The expected result is a verbatim repetition of the lines from the start of the entries through the line containing "Wednesday Addams, Μεταλλικό", with the pictures removed.

Records contained in a dataset:

______________________________

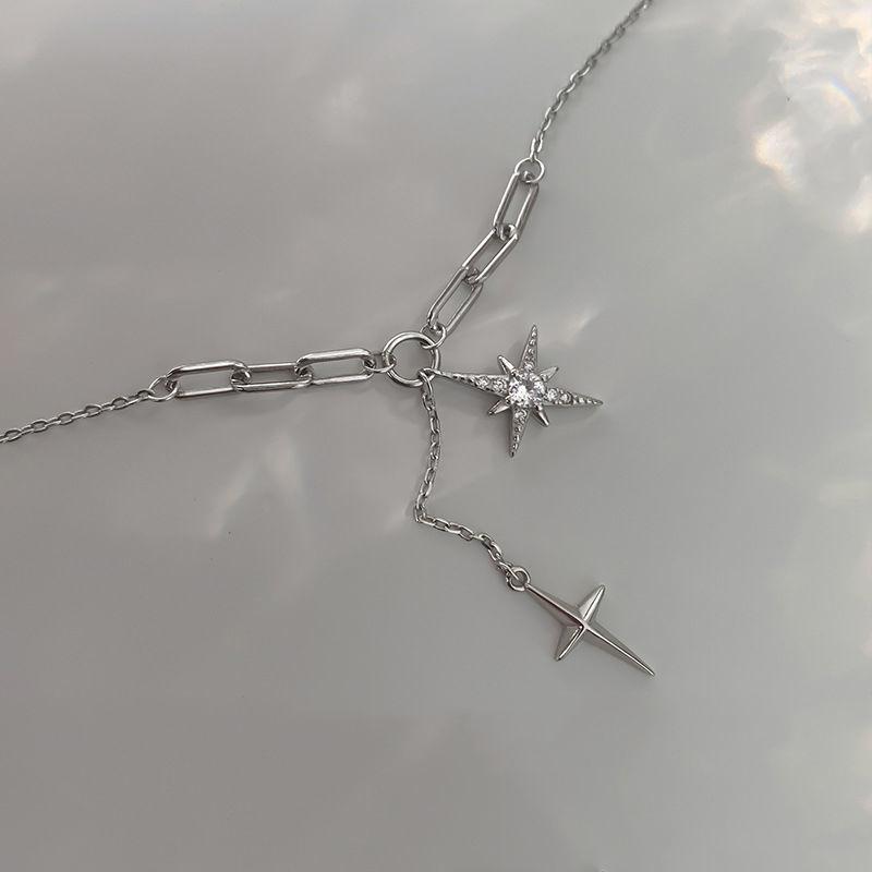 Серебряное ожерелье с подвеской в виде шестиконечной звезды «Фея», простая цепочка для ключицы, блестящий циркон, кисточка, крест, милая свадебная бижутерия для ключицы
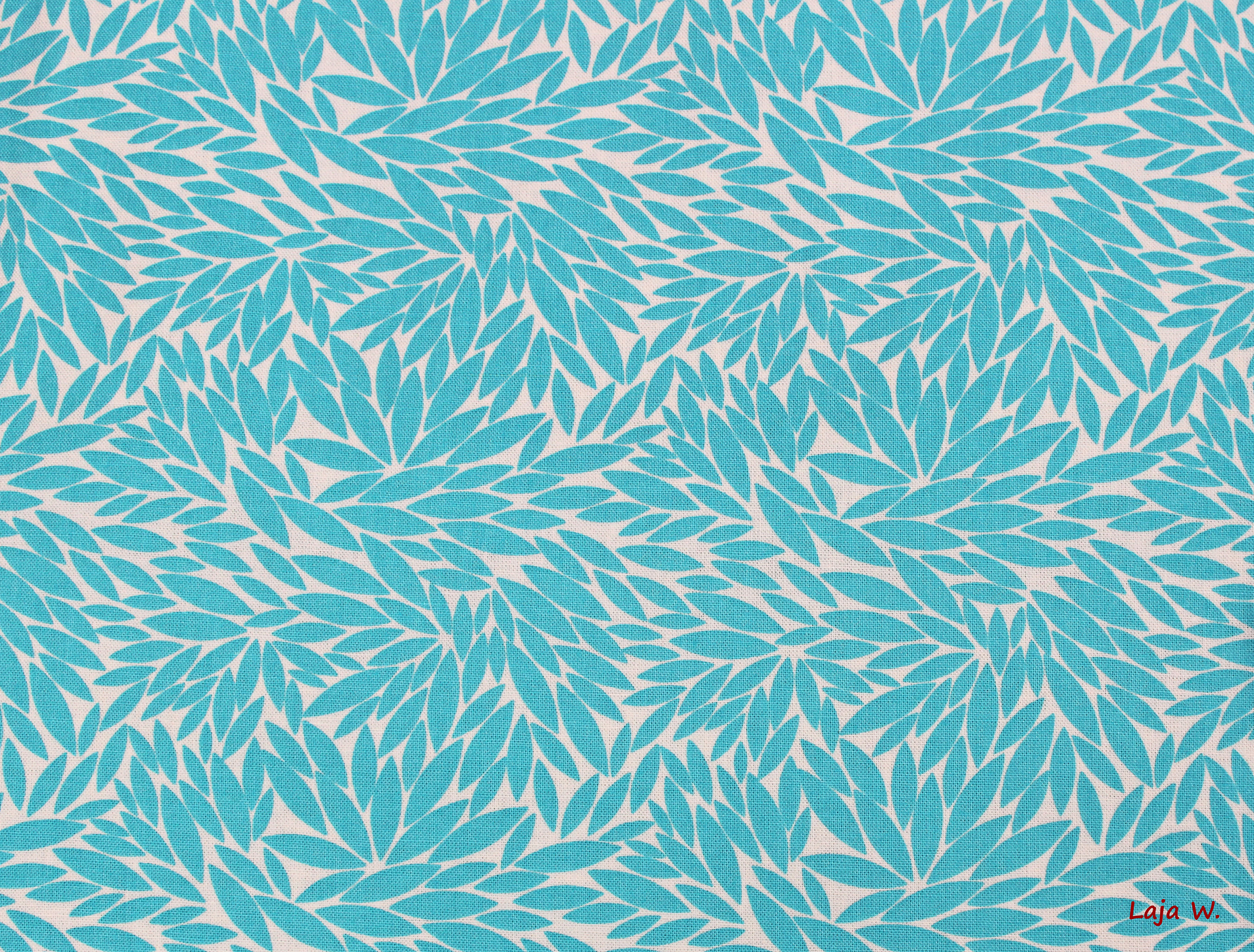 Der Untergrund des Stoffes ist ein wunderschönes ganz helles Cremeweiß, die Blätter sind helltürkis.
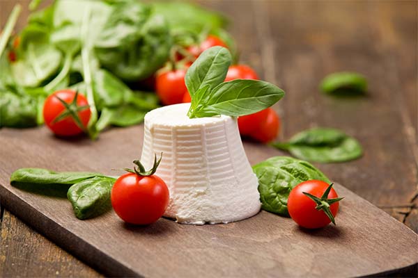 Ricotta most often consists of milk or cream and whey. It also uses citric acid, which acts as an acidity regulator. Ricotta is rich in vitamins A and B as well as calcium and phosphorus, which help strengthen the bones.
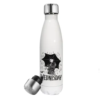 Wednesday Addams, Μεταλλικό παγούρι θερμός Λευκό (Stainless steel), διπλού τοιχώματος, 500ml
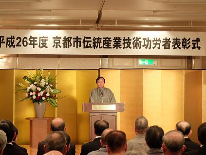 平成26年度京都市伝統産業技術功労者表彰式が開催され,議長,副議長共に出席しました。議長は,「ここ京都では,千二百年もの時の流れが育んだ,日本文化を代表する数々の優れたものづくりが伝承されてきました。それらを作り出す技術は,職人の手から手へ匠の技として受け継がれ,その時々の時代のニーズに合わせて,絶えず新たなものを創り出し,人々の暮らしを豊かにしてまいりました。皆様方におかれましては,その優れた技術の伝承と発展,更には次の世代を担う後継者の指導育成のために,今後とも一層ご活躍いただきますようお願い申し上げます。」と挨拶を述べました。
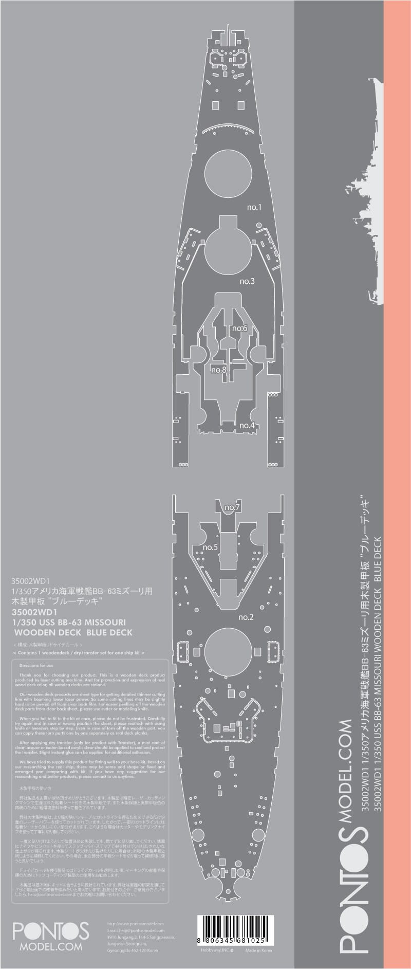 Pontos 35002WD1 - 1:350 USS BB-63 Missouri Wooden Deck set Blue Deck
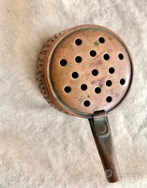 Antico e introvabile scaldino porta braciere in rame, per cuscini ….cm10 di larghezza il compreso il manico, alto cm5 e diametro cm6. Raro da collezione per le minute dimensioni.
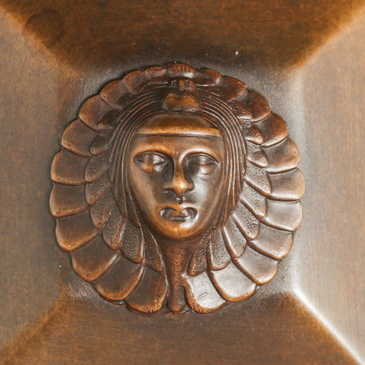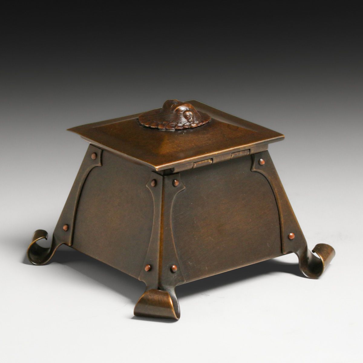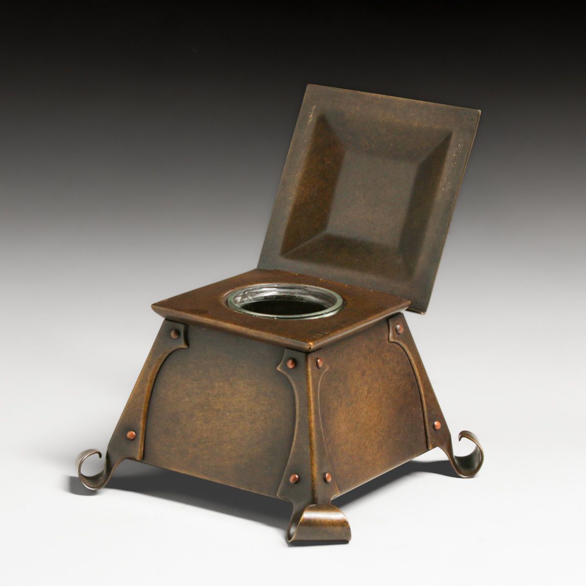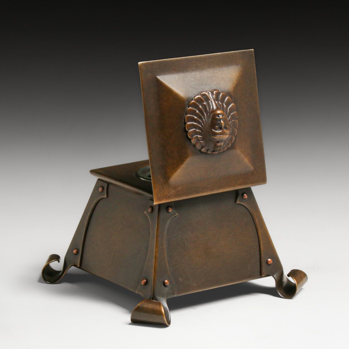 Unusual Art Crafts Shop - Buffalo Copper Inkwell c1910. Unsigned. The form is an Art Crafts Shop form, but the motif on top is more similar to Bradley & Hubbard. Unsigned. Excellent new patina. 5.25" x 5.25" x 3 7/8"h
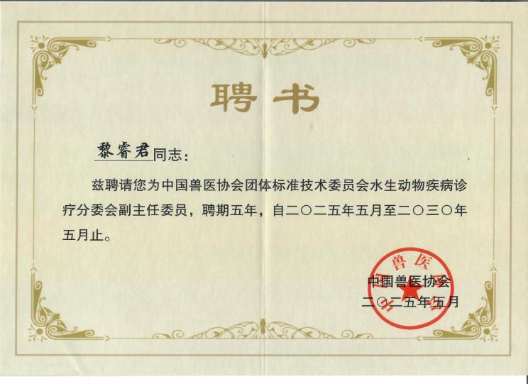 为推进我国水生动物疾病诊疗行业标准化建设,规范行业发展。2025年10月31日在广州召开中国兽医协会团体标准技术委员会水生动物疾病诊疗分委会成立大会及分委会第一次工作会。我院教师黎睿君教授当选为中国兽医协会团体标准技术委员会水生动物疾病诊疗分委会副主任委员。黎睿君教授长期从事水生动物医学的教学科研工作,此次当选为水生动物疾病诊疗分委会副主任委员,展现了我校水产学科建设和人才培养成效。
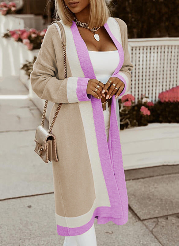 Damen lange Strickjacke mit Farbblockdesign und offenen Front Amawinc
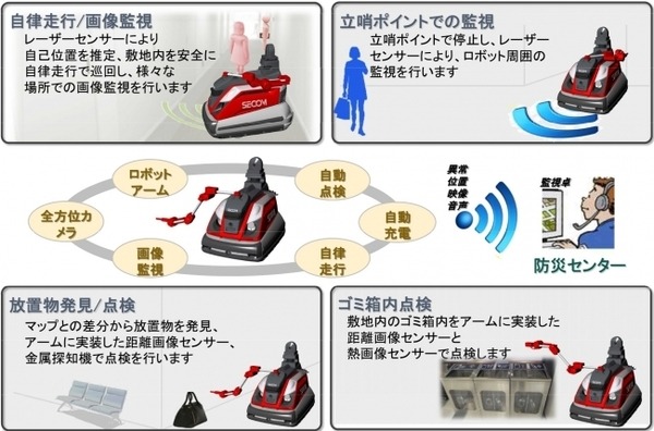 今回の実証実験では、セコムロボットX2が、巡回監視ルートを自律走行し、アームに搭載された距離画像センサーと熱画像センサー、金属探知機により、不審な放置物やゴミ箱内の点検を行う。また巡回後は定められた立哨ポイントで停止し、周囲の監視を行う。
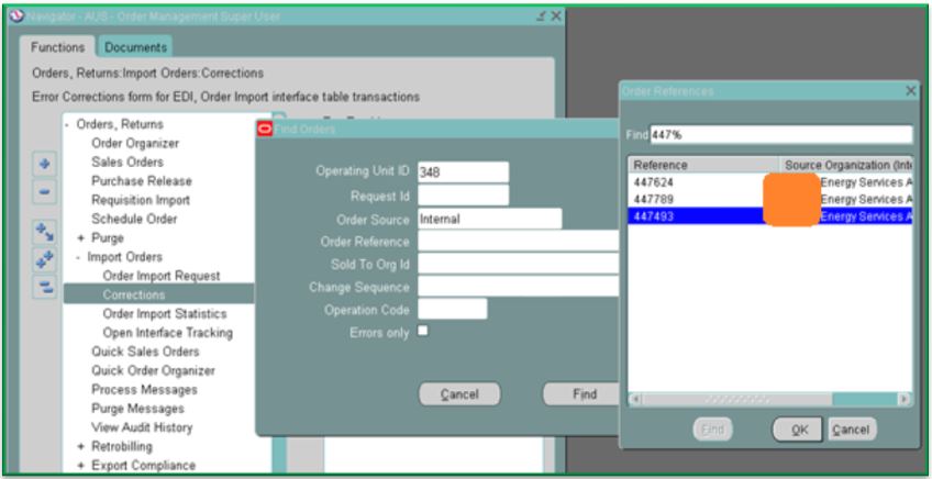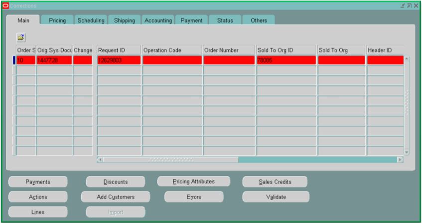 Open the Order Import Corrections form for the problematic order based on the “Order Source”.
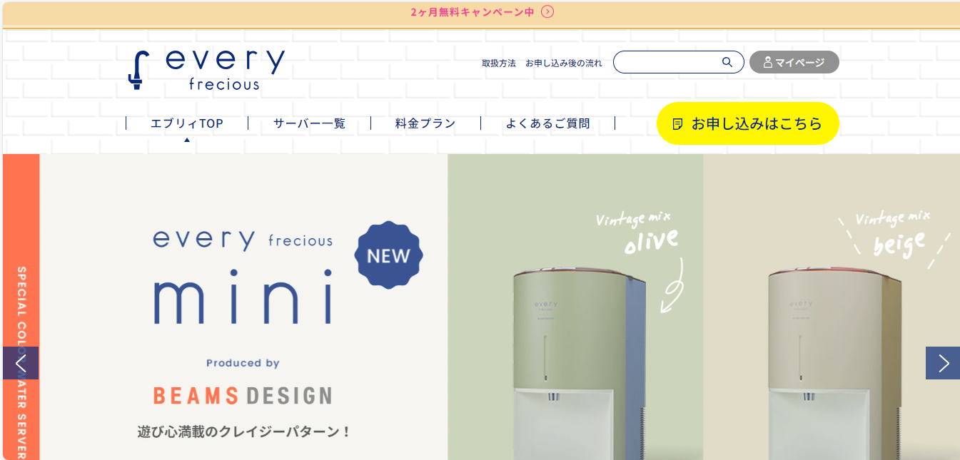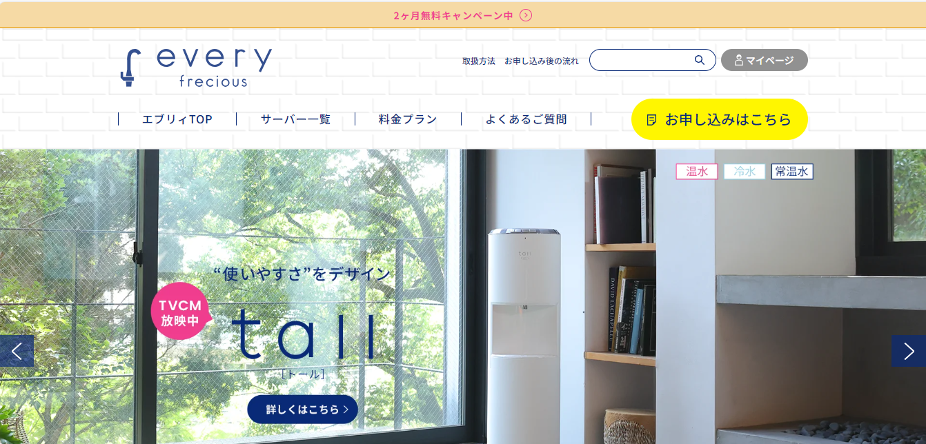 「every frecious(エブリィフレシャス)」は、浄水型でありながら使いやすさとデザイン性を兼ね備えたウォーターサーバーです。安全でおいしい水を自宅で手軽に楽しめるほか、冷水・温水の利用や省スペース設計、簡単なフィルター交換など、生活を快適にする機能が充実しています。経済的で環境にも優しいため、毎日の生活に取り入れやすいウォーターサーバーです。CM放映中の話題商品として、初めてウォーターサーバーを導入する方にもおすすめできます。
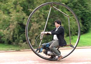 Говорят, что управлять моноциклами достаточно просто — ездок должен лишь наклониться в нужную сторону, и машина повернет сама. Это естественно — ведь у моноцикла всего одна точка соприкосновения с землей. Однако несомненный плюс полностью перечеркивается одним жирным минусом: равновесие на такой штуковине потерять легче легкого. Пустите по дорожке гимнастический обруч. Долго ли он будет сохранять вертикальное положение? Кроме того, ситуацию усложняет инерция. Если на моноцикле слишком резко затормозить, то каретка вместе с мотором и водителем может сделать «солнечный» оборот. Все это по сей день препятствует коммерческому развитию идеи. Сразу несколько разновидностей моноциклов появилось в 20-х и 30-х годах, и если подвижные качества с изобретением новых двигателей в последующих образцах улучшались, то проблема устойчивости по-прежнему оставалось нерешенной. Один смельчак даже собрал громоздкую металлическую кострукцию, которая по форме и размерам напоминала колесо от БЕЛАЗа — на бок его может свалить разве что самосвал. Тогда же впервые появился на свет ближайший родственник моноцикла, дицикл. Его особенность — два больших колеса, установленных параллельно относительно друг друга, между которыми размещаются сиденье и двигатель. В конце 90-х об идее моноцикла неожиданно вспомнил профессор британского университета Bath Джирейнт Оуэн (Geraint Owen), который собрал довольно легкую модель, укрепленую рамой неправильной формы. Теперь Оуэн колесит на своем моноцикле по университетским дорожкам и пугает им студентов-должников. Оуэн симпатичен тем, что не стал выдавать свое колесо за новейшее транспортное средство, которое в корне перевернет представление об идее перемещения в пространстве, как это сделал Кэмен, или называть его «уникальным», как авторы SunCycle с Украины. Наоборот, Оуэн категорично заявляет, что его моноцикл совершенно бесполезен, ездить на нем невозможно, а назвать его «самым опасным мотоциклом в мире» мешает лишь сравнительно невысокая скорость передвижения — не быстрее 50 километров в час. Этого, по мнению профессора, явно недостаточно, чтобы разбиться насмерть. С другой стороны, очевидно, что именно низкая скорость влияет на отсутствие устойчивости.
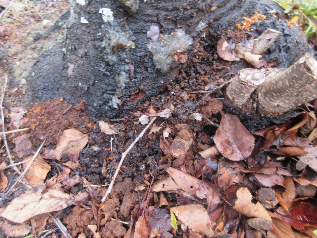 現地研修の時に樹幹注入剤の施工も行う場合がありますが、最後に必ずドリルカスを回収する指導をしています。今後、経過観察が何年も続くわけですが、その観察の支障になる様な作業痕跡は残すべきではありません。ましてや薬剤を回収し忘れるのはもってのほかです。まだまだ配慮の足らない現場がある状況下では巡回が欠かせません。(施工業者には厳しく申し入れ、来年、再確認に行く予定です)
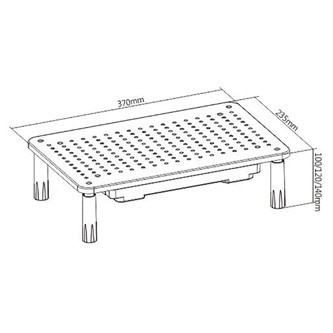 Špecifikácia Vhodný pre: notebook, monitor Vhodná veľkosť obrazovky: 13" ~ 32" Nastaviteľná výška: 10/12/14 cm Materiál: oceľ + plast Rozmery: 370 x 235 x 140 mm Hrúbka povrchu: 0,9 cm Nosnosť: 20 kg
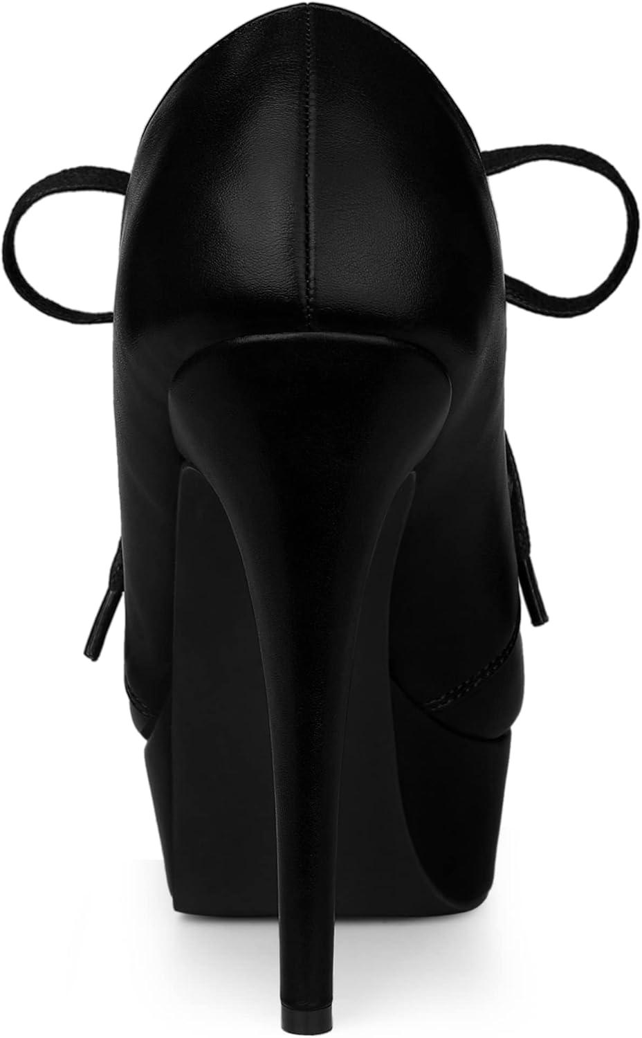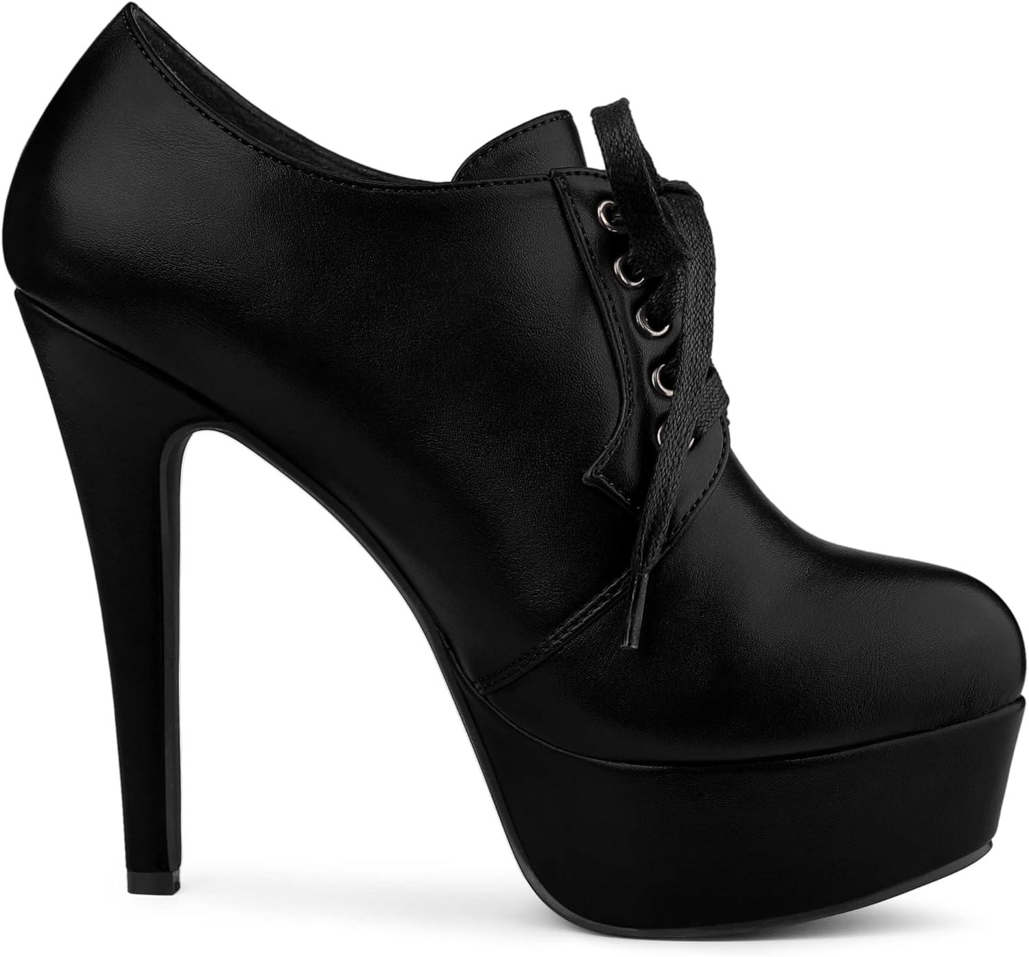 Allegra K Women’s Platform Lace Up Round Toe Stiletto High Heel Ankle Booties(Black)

______________________________

Exercise answer —
 Серебряное ожерелье с подвеской в виде шестиконечной звезды «Фея», простая цепочка для ключицы, блестящий циркон, кисточка, крест, милая свадебная бижутерия для ключицы
 Der Untergrund des Stoffes ist ein wunderschönes ganz helles Cremeweiß, die Blätter sind helltürkis.
 Ricotta most often consists of milk or cream and whey. It also uses citric acid, which acts as an acidity regulator. Ricotta is rich in vitamins A and B as well as calcium and phosphorus, which help strengthen the bones.
 Wednesday Addams, Μεταλλικό παγούρι θερμός Λευκό (Stainless steel), διπλού τοιχώματος, 500ml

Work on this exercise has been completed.